▸ **What you will do**: Could you write out, exactly and with no pictures, every line from the one containing "Die Zirbenblüte einfach" through the last line of the entries?

▸ **Dataset records**:
---------------

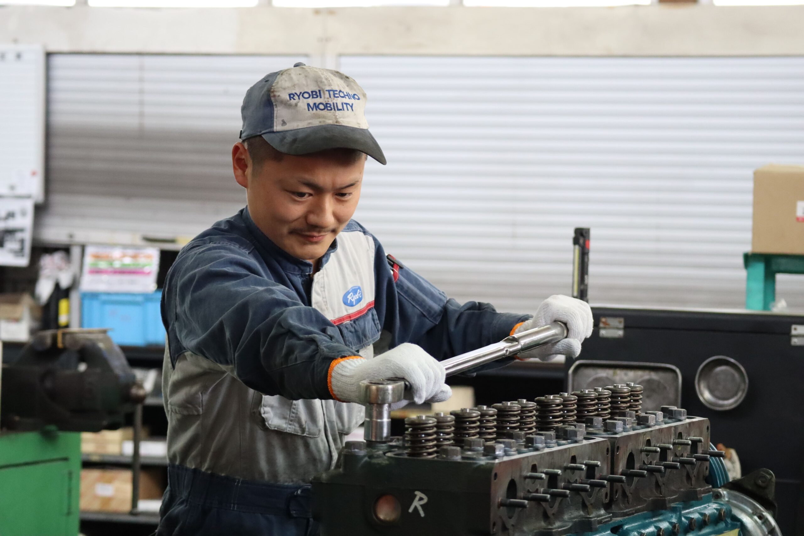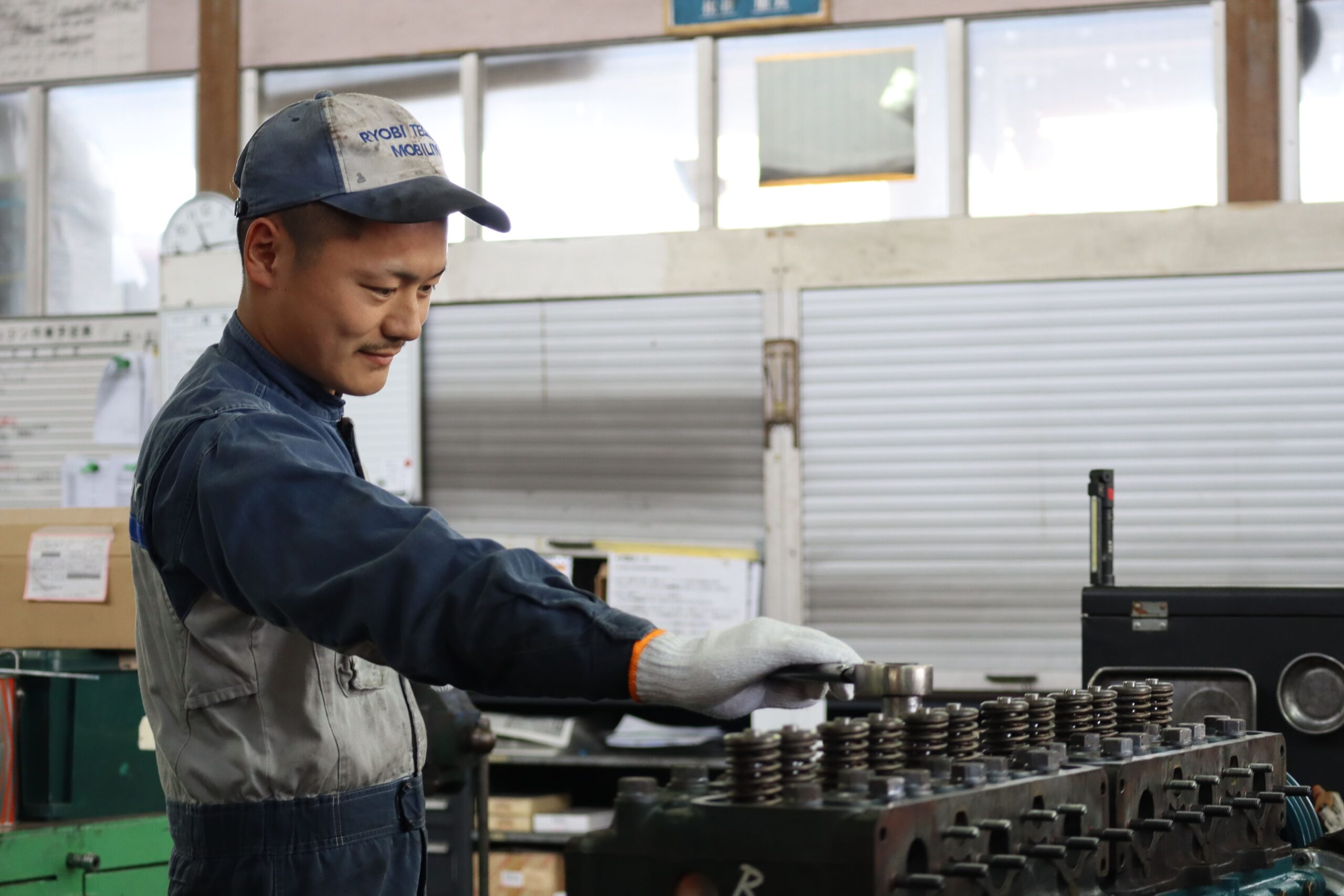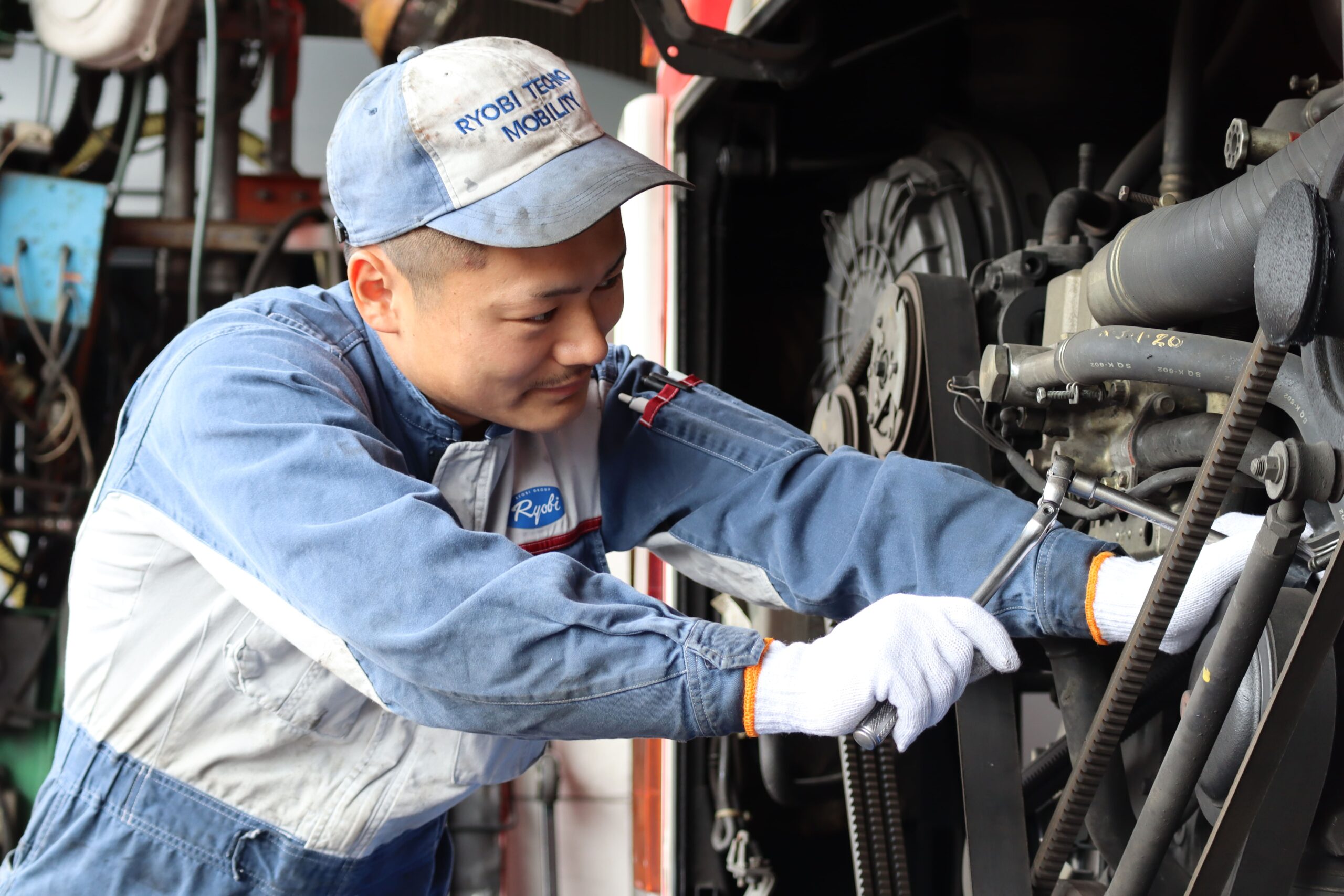 業務内容は、両備グループの大型トラック・バスなど様々な車種の主にエンジン関連の修理や整備、またグループ以外の車両や特殊機械にも対応しているため、メーカー問わず様々なエンジンに携わることができています。
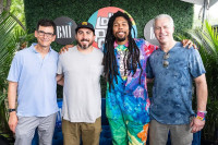 BMI’s SVP, Licensing David Levin, Associate Director, Creative Alex Bostelman, BMI affiliate Uncle Jumbo and BMI’s EVP, Chief Revenue & Creative Officer Mike Steinberg pose in the BMI Lounge at Lollapalooza in Chicago, IL on August 1, 2024. View Photo
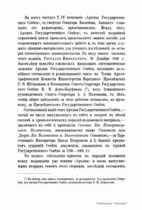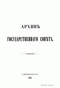 В 1863 г. по высочайшему повелению Александра II началась работа над систематическим описанием архива Государственного совета и Государственной канцелярии. Эта работа была поручена сенатору, историку-юристу Н. В. Калачову и советнику И. А. Чистовичу под высшим наблюдением председателя Государственного совета Д. Н. Блудова. Под их редактурой вышли в свет три тома (восемь книг) «Архива государственного совета»: две части первого тома, охватывающие период с 1768 по 1796 г. и заключающие в себе протоколы Совета, учрежденного императрицей Екатериной II; две части четвертого тома, содержащие журналы Государственного совета по Департаменту законов с 1810 по 1825 г.; две части третьего тома, в которые вошли протоколы Совета при Высочайшем дворе с 1801 по 1810 г.; две части четвертого тома, включающие журналы Государственного совета по Департаменту экономии с 1810 по 1825 г. Со смертью главного редактора издания сенатора Калачова публикация архива была приостановлена. С учетом исторической ценности данного труда, в 1886 г. последовало высочайшее повеление продолжить работу над изданием. Его составление и редактирование было возложено на члена Археографической комиссии Министерства народного просвещения Г. Ф. Штендмана, помощника статс-секретаря Государственного совета П. М. фон Кауфмана и др. В продолжение работы над изданием были опубликованы: третья часть четвертого тома, содержащая материалы по гражданскому отделению Департамента законов (1818–1820); пять частей четвертого тома, в который вошли журналы по Департаменту гражданских и духовных дел (1810 – 19 ноября 1825 г.); первая часть пятого тома, включающая журналы по делам Департамента государственной экономии (20 ноября 1825 г. – 1826).
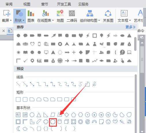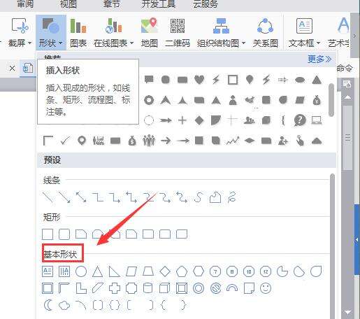 4、点击形状选项,在其子级菜单里找到基本形状选项,如图所示:
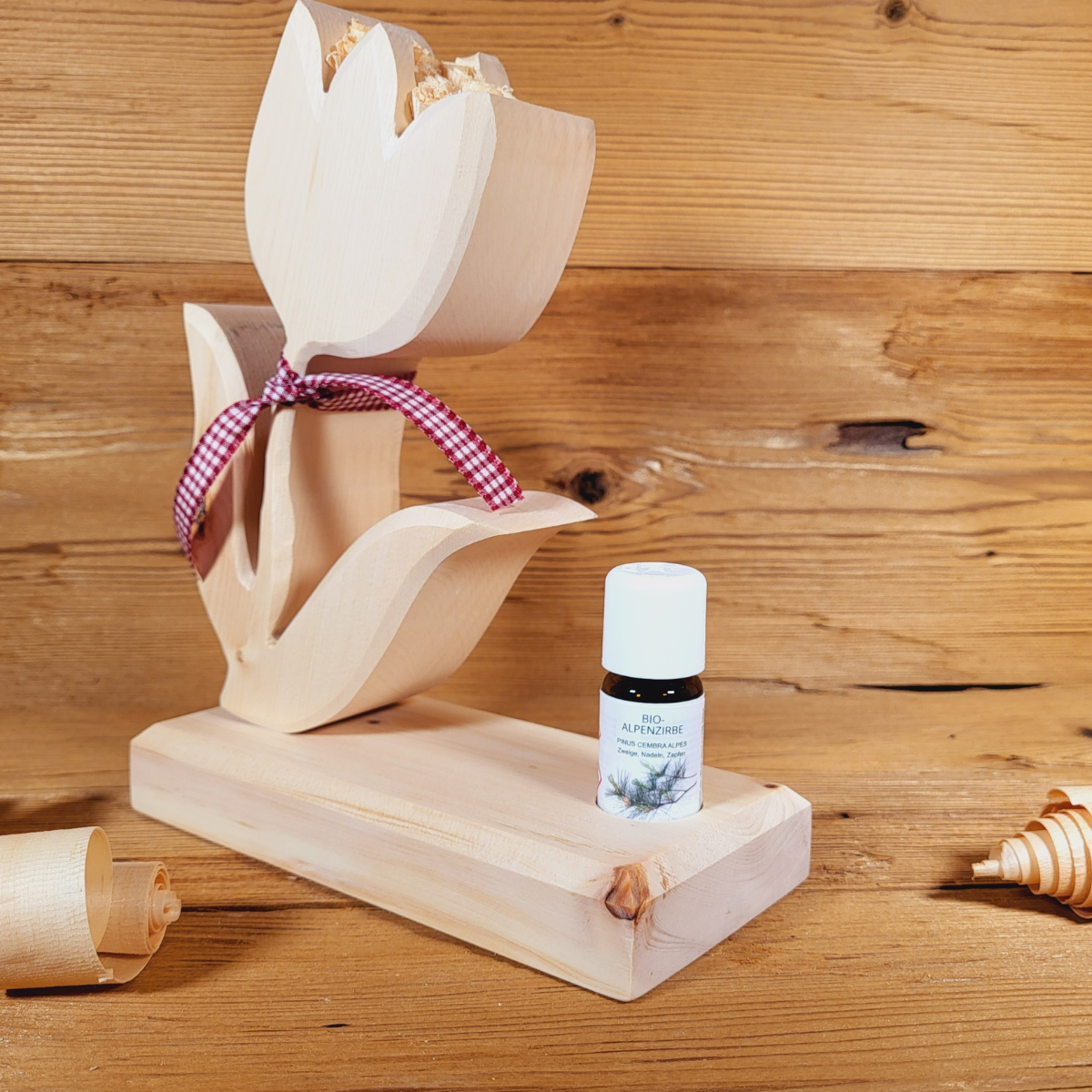 Die Zirbenblüte einfach mit wenigen Tropfen Zirbenöl beträufeln und einfach den Duft der Zirbe genießen.
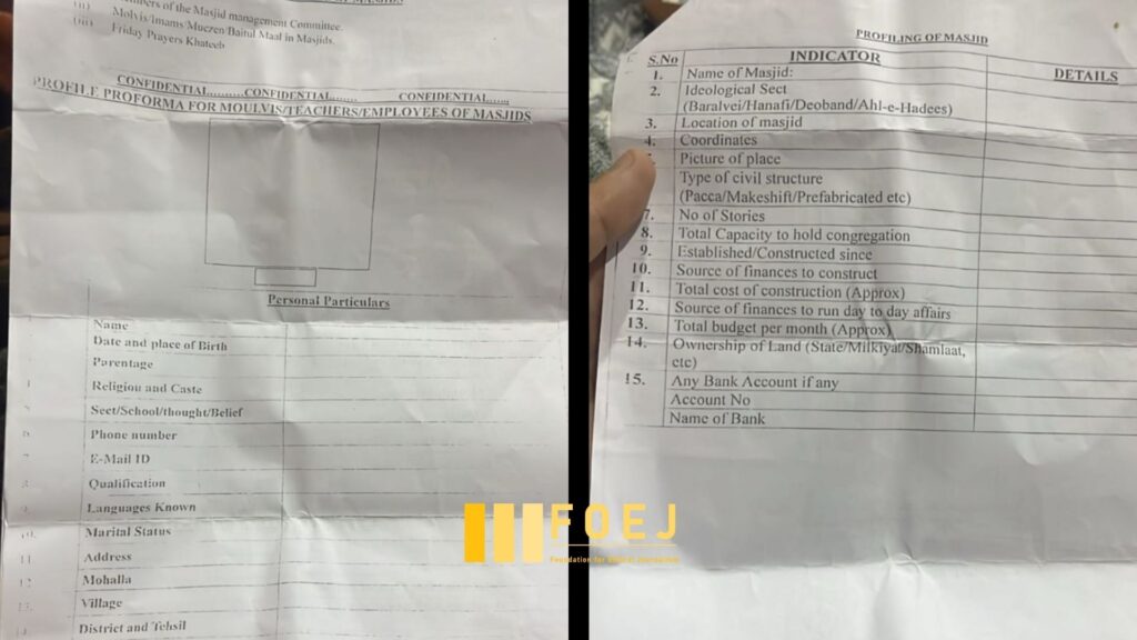 The Jammu and Kashmir police have introduced a large-scale exercise to gather the information on mosques in the area. The exercise includes collecting information on the mosque, the imams, the muezzins, and members of the management committees. The information is gathered through a four-page-long form including the section for the information including the personal details like social media profile, village, address, ideological sects. The form has been verified by the FoEJ Media.
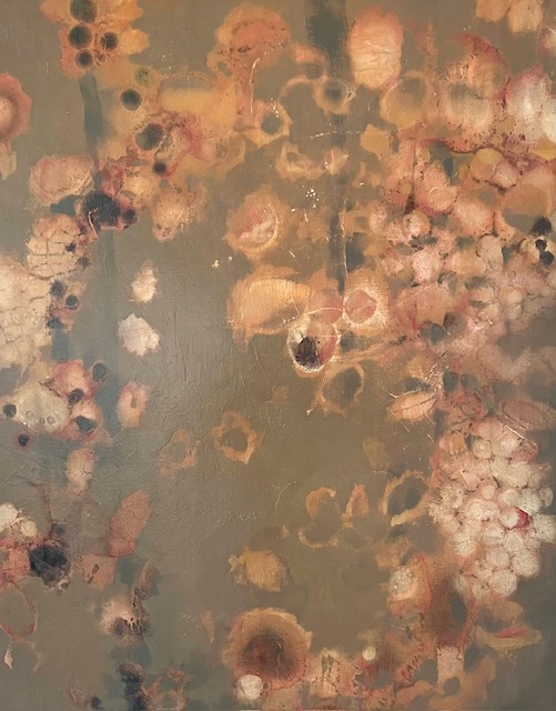 The abstract work begins from nothingness, wordless as with music... an improvised, intuitive, process-oriented practice with works evolving from previous sessions, attentive to chance phenomenal occurrences...sometimes then erased, scrubbed, layered again, sanded... aiming towards an undirected, suggestive, perceptual experience.
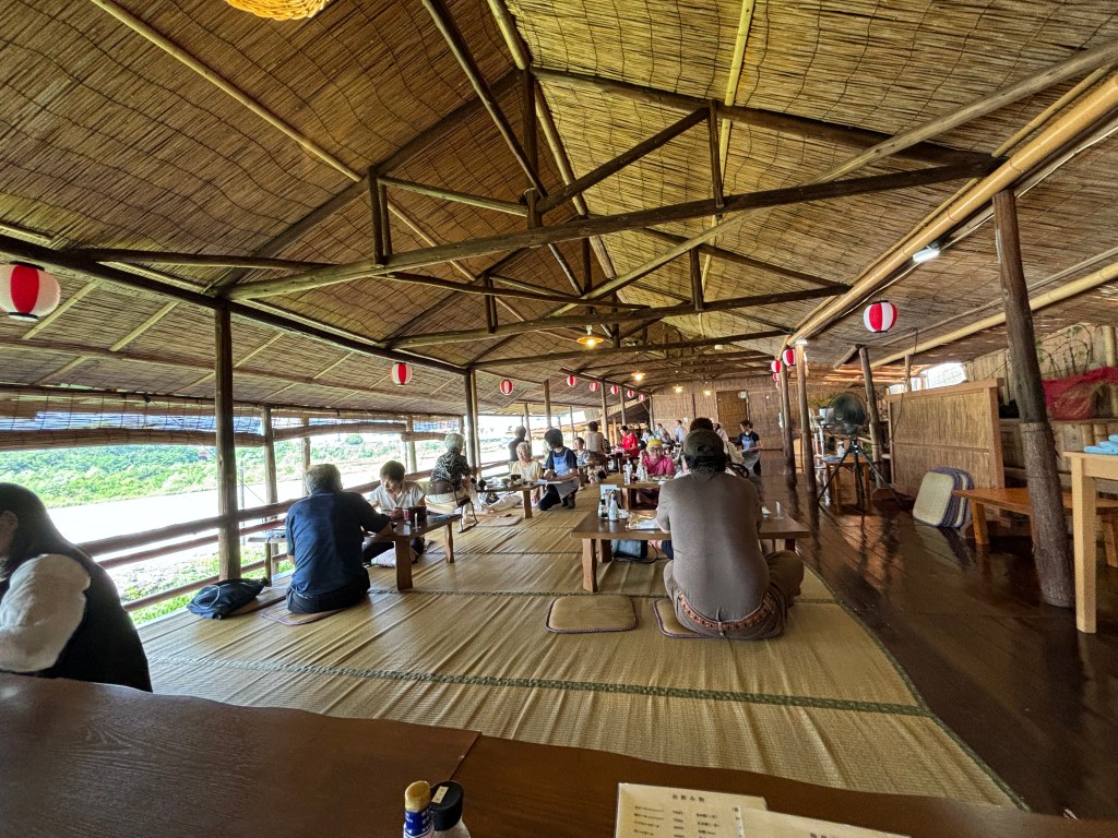 朝9時頃、比較的ゆっくりしたスタートだ。高速道路を高崎の少し向こうの渋川まで走る。晴れていて快適なドライブだ。渋川のインターチェンジで降りる。目当ては昼食に鮎の塩焼きの有名店に行き、食べることだ。店の名前は、「落合梁」。細い道を越えると比較的広い店の前の駐車場に出る。まだ昼まで少し時間があり、平日なので空いている。予約していなかったが、すぐに通してくれた。目の前を川が流れる桟敷席だ。塩焼き、酢漬け、天ぷら、煮付けなどフルコースで頂く。本当はビールでも飲みながら食べたいところだが。

---------------

▸ **The completed task**:
 Die Zirbenblüte einfach mit wenigen Tropfen Zirbenöl beträufeln und einfach den Duft der Zirbe genießen.
 The Jammu and Kashmir police have introduced a large-scale exercise to gather the information on mosques in the area. The exercise includes collecting information on the mosque, the imams, the muezzins, and members of the management committees. The information is gathered through a four-page-long form including the section for the information including the personal details like social media profile, village, address, ideological sects. The form has been verified by the FoEJ Media.
 The abstract work begins from nothingness, wordless as with music... an improvised, intuitive, process-oriented practice with works evolving from previous sessions, attentive to chance phenomenal occurrences...sometimes then erased, scrubbed, layered again, sanded... aiming towards an undirected, suggestive, perceptual experience.
 朝9時頃、比較的ゆっくりしたスタートだ。高速道路を高崎の少し向こうの渋川まで走る。晴れていて快適なドライブだ。渋川のインターチェンジで降りる。目当ては昼食に鮎の塩焼きの有名店に行き、食べることだ。店の名前は、「落合梁」。細い道を越えると比較的広い店の前の駐車場に出る。まだ昼まで少し時間があり、平日なので空いている。予約していなかったが、すぐに通してくれた。目の前を川が流れる桟敷席だ。塩焼き、酢漬け、天ぷら、煮付けなどフルコースで頂く。本当はビールでも飲みながら食べたいところだが。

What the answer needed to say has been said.